The European Network of Rare Disease Helplines (ENRDHL) was established by EURORDIS and its partners with the aim of providing support and facilitating the exchange of experiences and information among national helplines across Europe. Currently, the network comprises 17 European helplines, with new countries joining upon meeting the necessary criteria.

Croatia signed the resolution to join the European Network of Rare Disease Helplines (ENRDHL) in 2011. A decision was made for the Croatian Rare Disease Helpline to begin operations in January 2012, following the guidelines of ENRDHL and participating in the annual analysis of caller profiles, rare diagnoses, call purposes, and responses provided. Once a year, a representative of the Croatian Alliance for Rare Diseases attends joint workshops with all representatives of ENRDHL.

Since 2013, the Croatian Alliance for Rare Diseases has employed its first specialist, a social worker, and today, the Rare Disease Helpline is staffed by two social workers and a psychologist who provide psychosocial support to over 1,000 regular users and an average of 100 new users annually. In eight years of operation, a total of 7,814 inquiries have been answered.

The professionals respond to inquiries about rights related to social welfare, healthcare, pension systems, education, and other areas, handle requests, complaints, questions related to transportation, provide updates, organize student internships with users, arrange social activities such as theater visits, connect individuals with the same diagnosis in Croatia and the region, educate other professionals in helping professions, and offer individual or group psychological counseling to users.

For medical inquiries (such as information about the disease, treatment methods, and available therapies), medical students from the Faculty of Medicine in Zagreb, who became involved in 2014, play a crucial role in the operation of the Rare Disease Helpline.

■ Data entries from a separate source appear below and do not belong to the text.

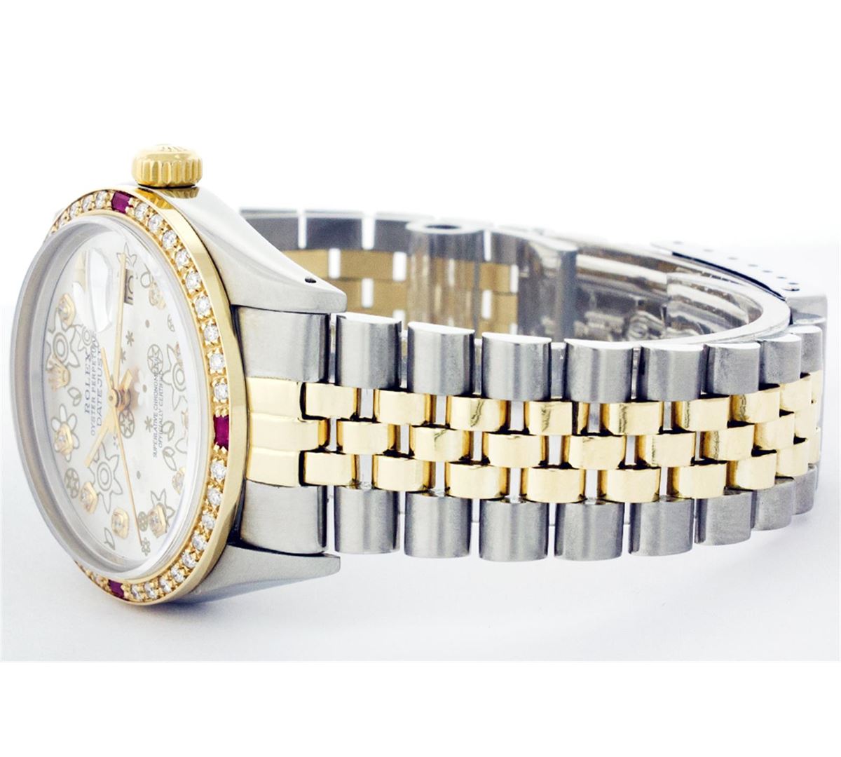 One Gents Two Tone Rolex Datejust Polished, Serviced & Electronically Tested, 14K Yellow Gold & Stainless Steel Case:36mm, 14K Yellow Gold Crown, Custom Bezel: 18K Yellow Gold Ruby Bead Set Diamond Bezel, Diamond Count: 36 Diamonds + 4 Rubies Total Weight 1.0 Carat, Clarity: Si-VS, Color: G to H. Custom Crystal: Synthetic Sapphire Cyclops Lens. Movement: Automatic Winding Movement Caliber 3035. Custom Dial: Silver Floral Diamond Dial, Diamond Count: 10 Diamonds, Color: G to H, Clarity: SI-VS Date Window: 3 O'Clock Position Date Display, Quickset, Model: 16013 Condition: G-6 Extra Fine. Bracelet: Two Tone 14K Yellow Gold & Stainless Steel Jubilee. Bright Polish. 6.5 Inch Length, Adjustable. Standard Clasp, With Rolex Logo.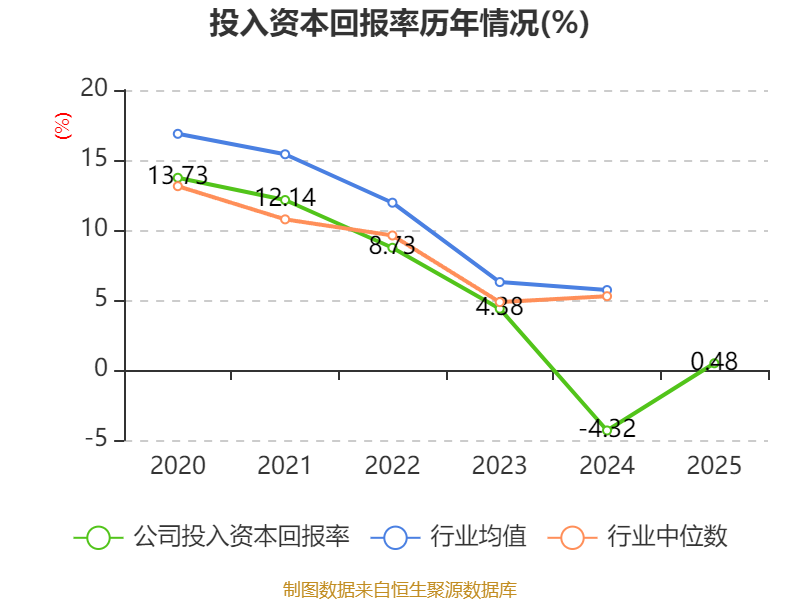 数据显示,2025年公司加权平均净资产收益率为1.23%,较上年同期上升5.53个百分点。公司2025年投入资本回报率为0.48%,较上年同期上升4.8个百分点。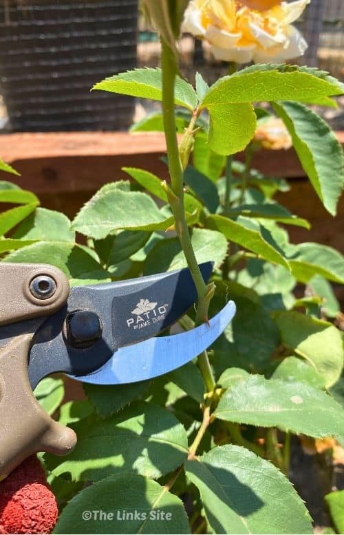 Learning how to prune roses sounds complicated, but it’s really not. I’ve been pruning ours for quite a few years now, and each year I get more confident. The more you experiment, the more you’ll learn how much each rose bush needs and what shape suits it best.
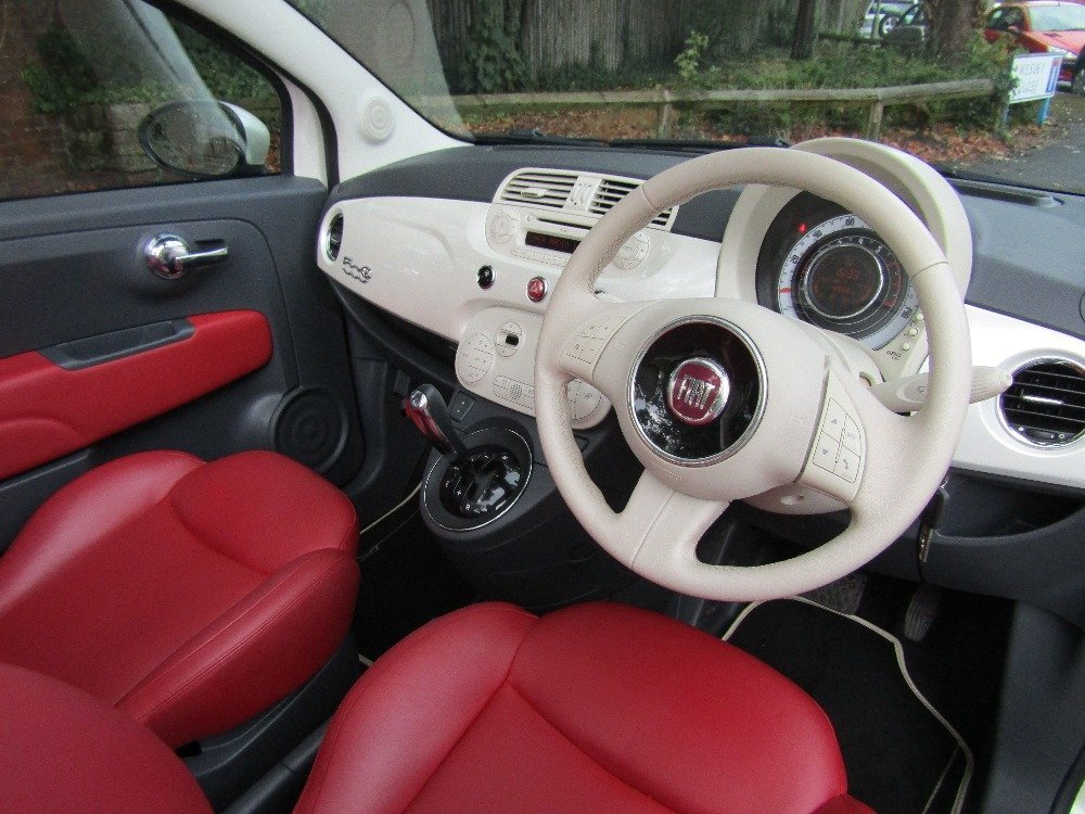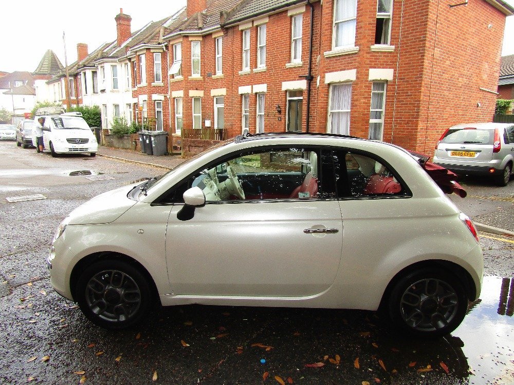 Stunning car, best colour combination! Pearlescent paint/red leather! comes with a long MOT 01/04/17, and 3 months warranty, Service History, Full Red Leather Interior, Leather, Special Paint - Pearl White, Auto Climate Control, Red Power Roof, Ivory Dash, Steering Wheel and Headrests, Air Conditioning, Automatic Climate Control, Leather Steering Wheel with Commands, Radio/CD/MP3 Player, Telephone Equipment (Bluetooth Interface), Foglights, Rear Parking Sensors, 15in - O Sporty Alloy Wheels (Lounge), Blue&Me, Electric Front Windows, Electric door mirrors, Remote central locking, Fiat 500 floor mats, Excellent Condition Throughout, MOT APRIL 2017. 4 seats, White, Very desirable colour, pearlescent a £750 optional extra along with full red leather also a £750 extra! These convertible autos are rare to find, especially with this colour option/model. All handbooks and service book and 2 keys, only 1 former keeper, ALL CARS ARE FULLY VALETED, FULL DEALER FACILITIES, ALL MAJOR DEBIT AND CREDIT CARDS ACCEPTED, EXPERIAN CHECKED, COMPETITIVE FINANCE PACKAGES AVAILABLE, BUY NOW START PAYING IN OCTOBER 2016 WITH MOTONOVO PAUSE PLAN! ADDITIONAL WARRANTIES AVAILABLE, PART EXCHANGE WELCOME, WE ARE LOCATED ONLY 5 MINS FROM BOURNEMOUTH RAIL STATION, CAR IS AT OUR INDOOR SHOWROOMS, PLEASE HAVE A LOOK AT OUR WEBSITE WWW.KJPRESTIGE.CO.UK FOR ALL OF OUR CURRENT CARS,
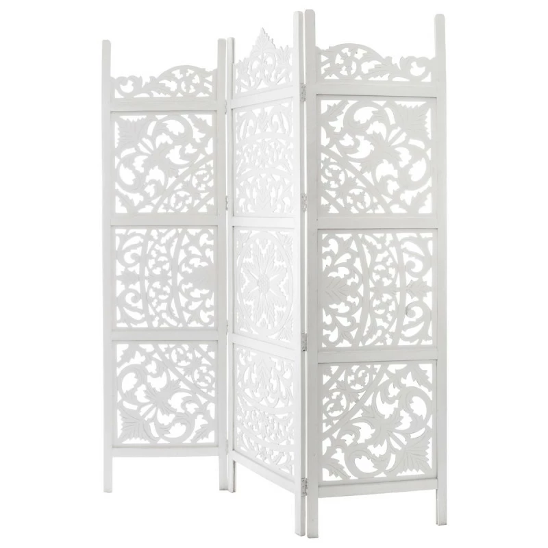 Paravent Blanc Terre Bois Sculpté Atmosphera – Image 2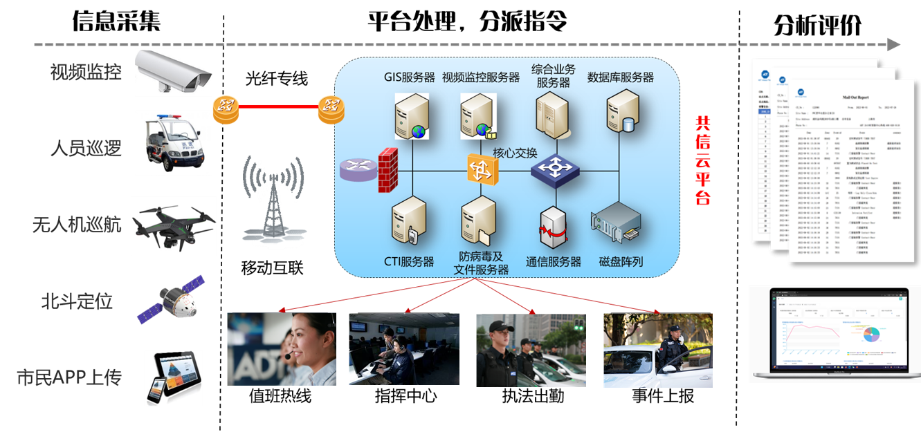 上海安达泰、北京安达泰、郑州大华安防三大接警运营中心统一接入部署在云数据中心的共信接警平台,实现三大中心的虚拟化统一管理。数据有容灾备份、人员可协同接警,支持报表与可视化数据看板定制开发。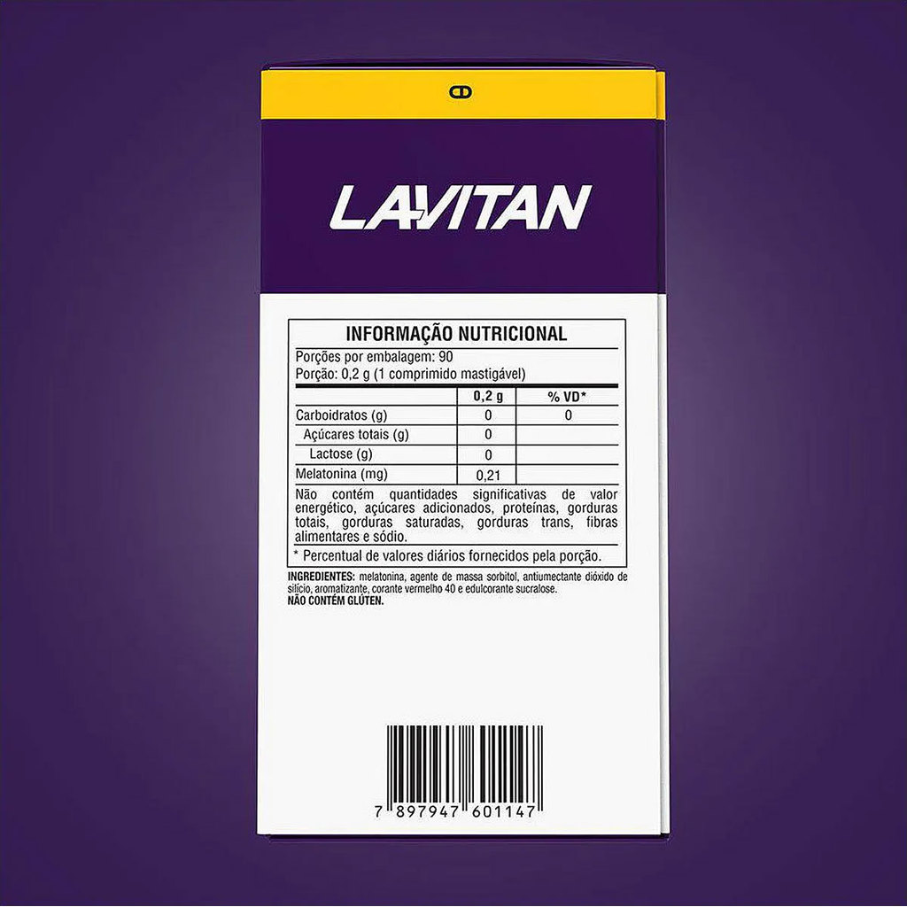 Lavitam Melatonina Sabor Morango com 90 comprimidos Lavitan Melatonina é um suplemento alimentar com 0,20mg de melatonina. Comprimidos mastigáveis com rápida absorção. - Rápida Absorção; - Recomendado uso noturno; Modo de usar Ingerir 1 comprimido ao dia, 30 minutos antes de dormir.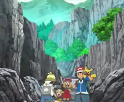 After the forest is Kalos Canyon as shown in Battles in the Sky!. Ash and his friends visited the Reflection Cave in The Cave of Mirrors!. A Pokémon Center is located somewhere after the cave as mentioned in the episode. After the cave is a forested path, which was visited in Forging Forest Friendships!. After the forest is the location of Kalos's Pokémon Summer Camp, as shown in Summer of Discovery!. It is located along the coast of Kalos.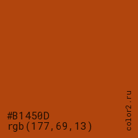 Цвет #B1450D в цветовой модели RGB обозначается тремя октетами (177, 69, 13) в десятичном формате и #B1450D в шестнадцатиричном (hex) формате, которые являются интенсивностью красного 177 (hex B1), интенсивность зелёного 69 (hex 45) и интенсивность синего 13 (hex 0D).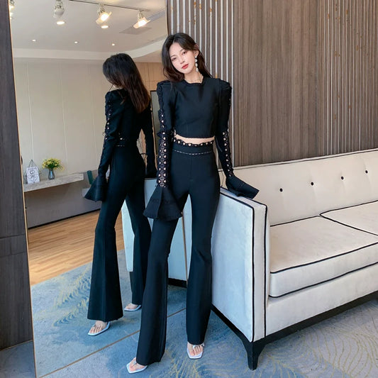 DOLLY Luxury Long Trumpet Sleeve Crop Top+ High Waist Long Flared Pants-LOLA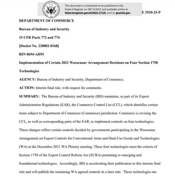 根據(jù)公報(bào), 美國(guó)工業(yè)與安全局決定對(duì)《商務(wù)部管制清單》(CCL)和《出口管理?xiàng)l例》(EAR)同步實(shí)施修訂,對(duì)四項(xiàng)技術(shù)實(shí)施管制。
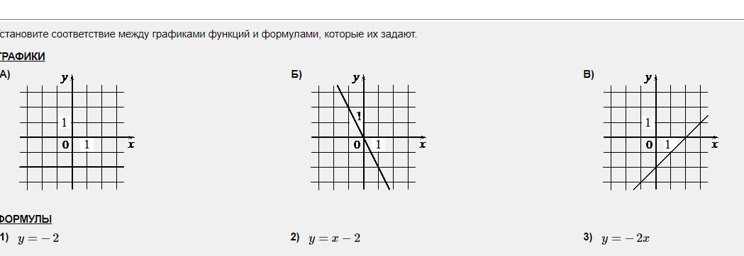 Установите соответствие между графиками функций и формулами, которые их задают.Ответ запишите ввиде числа без пробелов.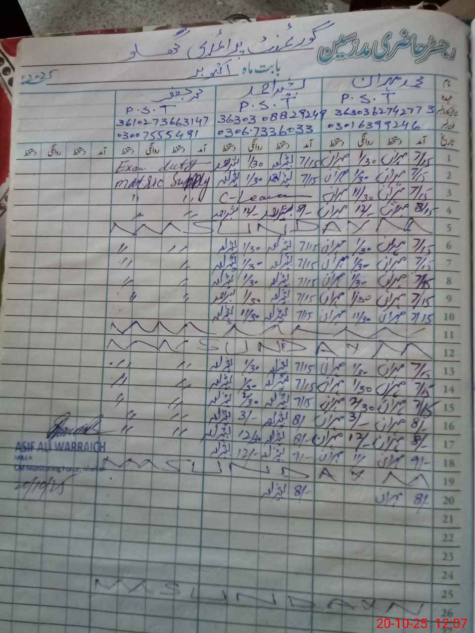 | CNIC | Full Name | Designation | R/C | Absence During Last Calender Month |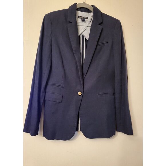 British Khaki Navy Long Sleeve Line & Cotton Blazer Women Size Medium Career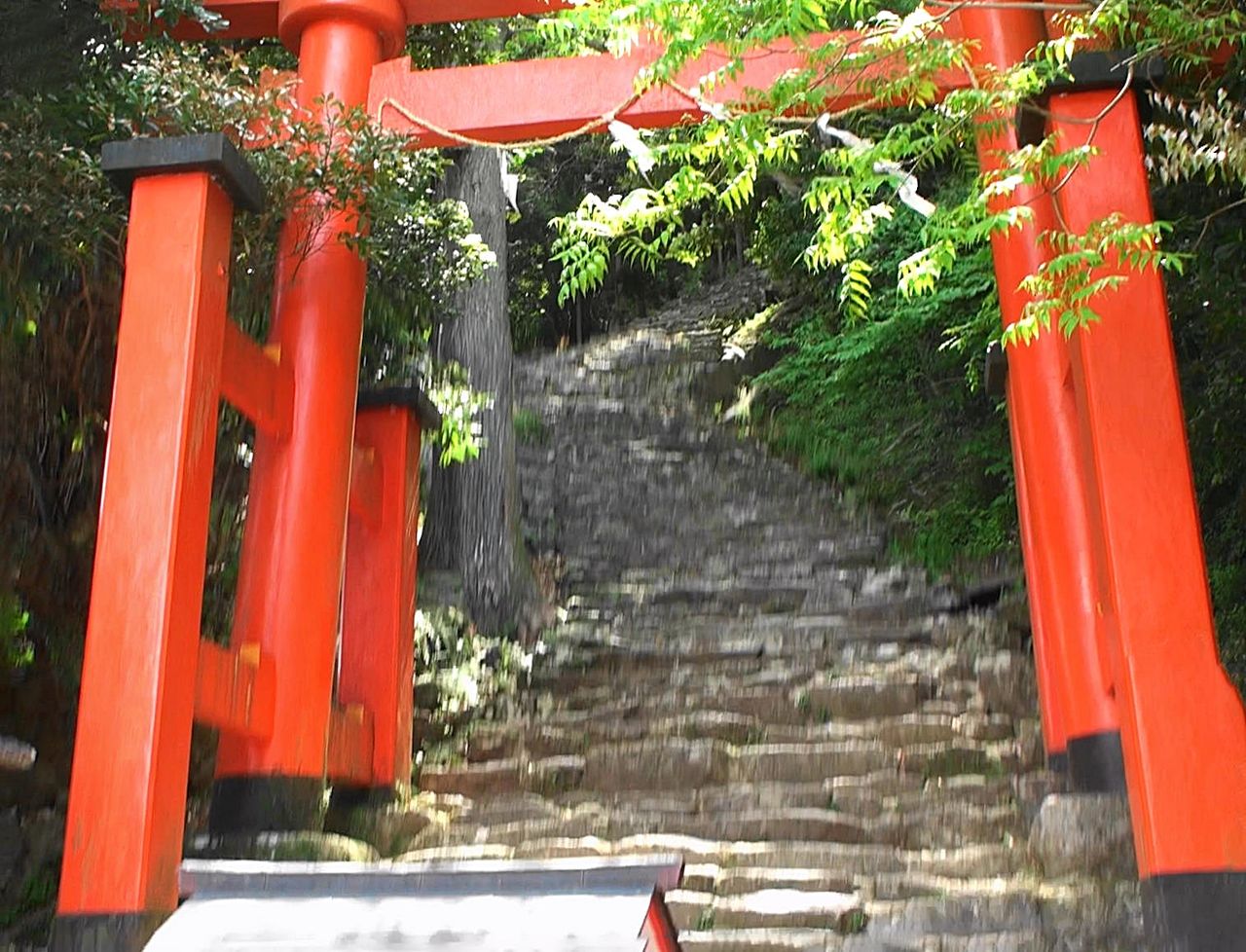 何とか15分で頂上の鳥居前に到着。この鳥居を入ると巨大な一枚岩、その上に熊野権現が降臨されたと言われるしめ縄で巻かれた巨石 ゴトビキ(方言でヒキガエルのこと)岩と小さな社殿があり、社殿にお参り後振り返ると新宮市の街と海が眺められます。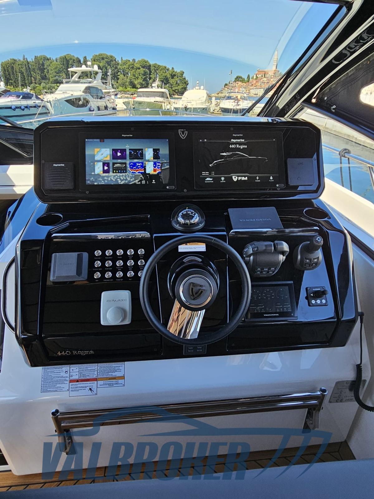 FIM 440 REGINA, the latest model presented by FIM, exterior design by Alessandro Lottici. Captivating lines combined with a large windshield and excellent air circulation in the cockpit thanks to the opening Hard Top. It offers a large full-beam aft owner's cabin, an elegant dinette in the bow, electrically convertible into a real second cabin and two bathrooms. The interiors are modern with luxurious and refined materials. On the exterior, the elegance of the design blends perfectly with the sporty spirit of this new 100% Made in Italy model.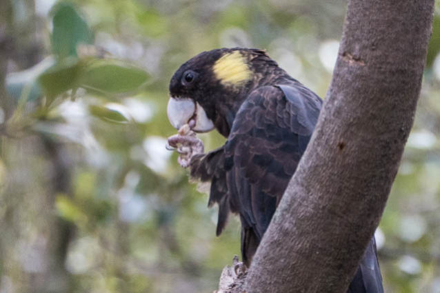 I then heard the calls of some Cockatoos. A group of about four Yellow-tailed Black Cockatoos. They flew off before I could get some good photos of them. But later, walking back, I saw two other visitors to the park – Florence and her friend looking at the Cockatoos. I joined them and we could see one pecking at the bark of one of the Mangroves. I was lucky to photograph it – and it then grabbed a rather large grub from the tree which it proceeded to eat. Here are some of the photos –

The Students' Rare Disease Helpline has been active for six consecutive years and continuously enhances its operations each year. The student volunteers provide detailed, verified information on rare diagnoses, which is invaluable to users.

The student volunteers demonstrate a high level of responsibility, professionalism, and motivation when working with rare diseases. Currently, the Students’ Rare Disease Helpline consists of four senior volunteers, who have been active for several years, and thirteen new volunteers. Senior volunteers mentor the new volunteers and assist them in addressing newly received cases. When tasked with preparing information about a rare disease, which is the most frequent scenario, they typically consult the following authoritative websites: Genetic and Rare Diseases Information Center (GARD), National Institutes of Health (NIH), and Orphanet.

In instances where the information cannot be found, the volunteers consult medical professionals specializing in rare diseases or specific fields. In addition to gathering all relevant information, writing expert articles, and actively participating in national conferences on rare diseases and other public events organized by the Croatian Alliance for Rare Diseases and the Society for Rare Diseases within the Croatian Medical Association (HLZ), the student volunteers also organized the inaugural Student Symposium on Rare Diseases this year, in observance of Rare Disease Day, at the Faculty of Medicine.